Hashing in Deep Learning - 95% less computations

benediktschifferer · June 28, 2017, 11:58am

Hey,

I found/read this article, right now.

https://www.sciencedaily.com/releases/2017/06/170601135633.htm

This sounds super interesting and high impact for the deep learning community.

I haven’t understood the paper totally, but with their method you save 95% of computational costs by losing 1% of accuracy.

If someone is interesting in the article: My understanding:

Instead of computing the forward and backward pass for the whole network, you only consider the highest X% activation in each layer.
There are already some techniques doing this - like adaptive dropout and winner takes it all
The problem is: How to find the highest X% activation in an efficient way - they call it a “search/query problem”. (Lets say 5%)
In a previous paper they introduced hash functions for maximum inner product search (MIPS), which is almost linear:
https://www.youtube.com/watch?v=g7zF0wM1q0c
MIPS uses a hash function to find the maximum inner product. (MIPS is statistical. It finds with a high probability the X% highest inner products)

Example:

Given the input (x)
The activation of a is the product of the (w) with the input x: w*x (vector multiplication)
If the next layer has 100 hidden units, then you have 100 weight vectors. With MIPS you find the 5 weight vectors out of the 100, which results in the highest activation (in an efficient way)

About the original paper:

They introduce the idea, that for each layer you use the MIPS to find the weight vectors, which will have the highest activation.
For the backward pass, you update only the weight vectors of the highest activation
In each layer you reduce the computational costs to:
– Finding the 5% of weight vectors (almost linear)
– Calculating the forward pass / backward pass only for the 5%
– You require only around 5% of the computation comparing calculating it the whole network

One question I couldn’t understand:

How do you use their batch_size?
Processing multiple input as once make the matrix multiplication more efficient / use parallism
In my understanding the hashing function works only for one vector. So I can use only batch_size=1?

I still find the idea interesting, that you can reduce the computational costs with this method.
They implemented it for CPU, but I am still thinking if it is possible to implement it in tensorflow (help is welcomed )

twairball · July 2, 2017, 12:45am

How to know highest X% activation in each layer without actually performing forward/backward prop?

I’ve spent a great deal of time without any GPU and also things like freezing and optimizing tensorflow graphs for inference on mobile apps. I’d be keen to learn more about practical methods to reduce computational complexity.

benediktschifferer · July 2, 2017, 5:21am

The MIPS (maximum inner product search) can find the weights for the highest activation without calculating the whole matrix multiplication.
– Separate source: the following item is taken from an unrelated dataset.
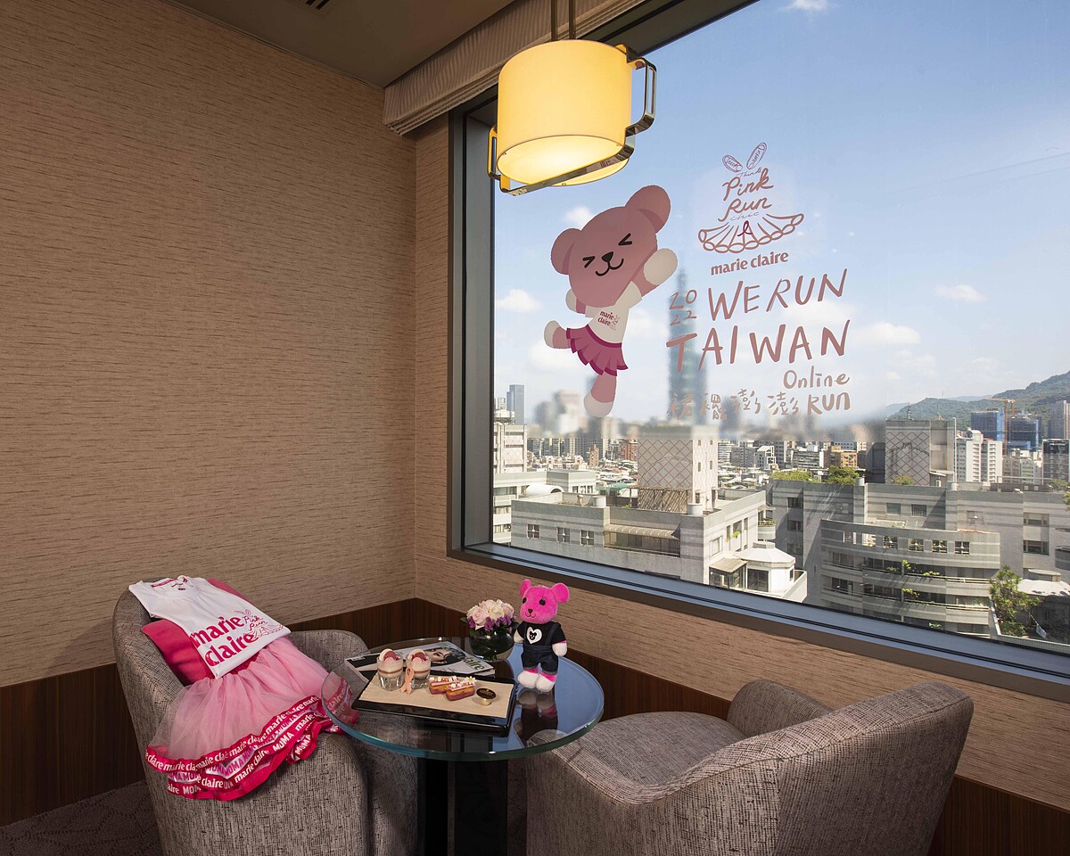 精心佈置的台北101景觀尊榮客房中,有獨家限定的手工粉紅點心、可愛的MOMO熊玩偶、粉嫩色系鮮花、美麗佳人國際中文版當月份雜誌、裙襬澎澎RUN活動上衣及澎澎裙各一件,以及兩份豐盛早餐!住客還能到飯店免費使用43樓景觀恆溫游泳池及健身房,並享免費停車資格。

The video, which is linked, explains it.

Short summary:

You hash each weight vector
You hash the input vector
You receive a subset of weight vectors, which has a high probability that they produce the highest X% of activations
With this subset of weight vectors, you calculate the actual activations

The hash function is different to the current hash fuctions
To find the maximum inner product search you need some specific characteristics -> it is really good explained in the 20min talk

natedl98 · July 5, 2017, 8:31am

benediktschifferer:

Hey,

I found/read this article, right now.

https://www.sciencedaily.com/releases/2017/06/170601135633.htm
https://arxiv.org/pdf/1602.08194.pdf

This sounds super interesting and high impact for the deep learning community.

I haven’t understood the paper totally, but with their method you save 95% of computational costs by losing 1% of accuracy.

If someone is interesting in the article: My understanding:

Instead of computing the forward and backward pass for the whole network, you only consider the highest X% activation in each layer.

There are already some techniques doing this - like adaptive dropout and winner takes it all

The problem is: How to find the highest X% activation in an efficient way - they call it a “search/query problem”. (Lets say 5%)

In a previous paper they introduced hash functions for maximum inner product search (MIPS), which is almost linear:
https://www.youtube.com/watch?v=g7zF0wM1q0c

MIPS uses a hash function to find the maximum inner product. (MIPS is statistical. It finds with a high probability the X% highest inner products)

Example:

Given the input (x)

The activation of a is the product of the (w) with the input x: w*x (vector multiplication)

If the next layer has 100 hidden units, then you have 100 weight vectors. With MIPS you find the 5 weight vectors out of the 100, which results in the highest activation (in an efficient way)

About the original paper:

They introduce the idea, that for each layer you use the MIPS to find the weight vectors, which will have the highest activation.

For the backward pass, you update only the weight vectors of the highest activation

In each layer you reduce the computational costs to:
– Finding the 5% of weight vectors (almost linear)
– Calculating the forward pass / backward pass only for the 5%
– You require only around 5% of the computation comparing calculating it the whole network

One question I couldn’t understand:

How do you use their batch_size?

Processing multiple input as once make the matrix multiplication more efficient / use parallism

In my understanding the hashing function works only for one vector. So I can use only batch_size=1?

I still find the idea interesting, that you can reduce the computational costs with this method.
They implemented it for CPU, but I am still thinking if it is possible to implement it in tensorflow (help is welcomed )

Is that what their paper is doing? If that’s the case, it doesn’t seem like hashing is the secret: it seems like skipping a bunch of the calculations is the secret

It’s way too late and I am way too tired to dig through this right now, but I am going to check it out tomorrow.

benediktschifferer · July 5, 2017, 8:39am

@natedl98 :

thats what the paper is doing. Yes, one part of the secret is to skipp the bunch of calculation.

The problem is:
How to find out which calculation you can skip in an efficient way?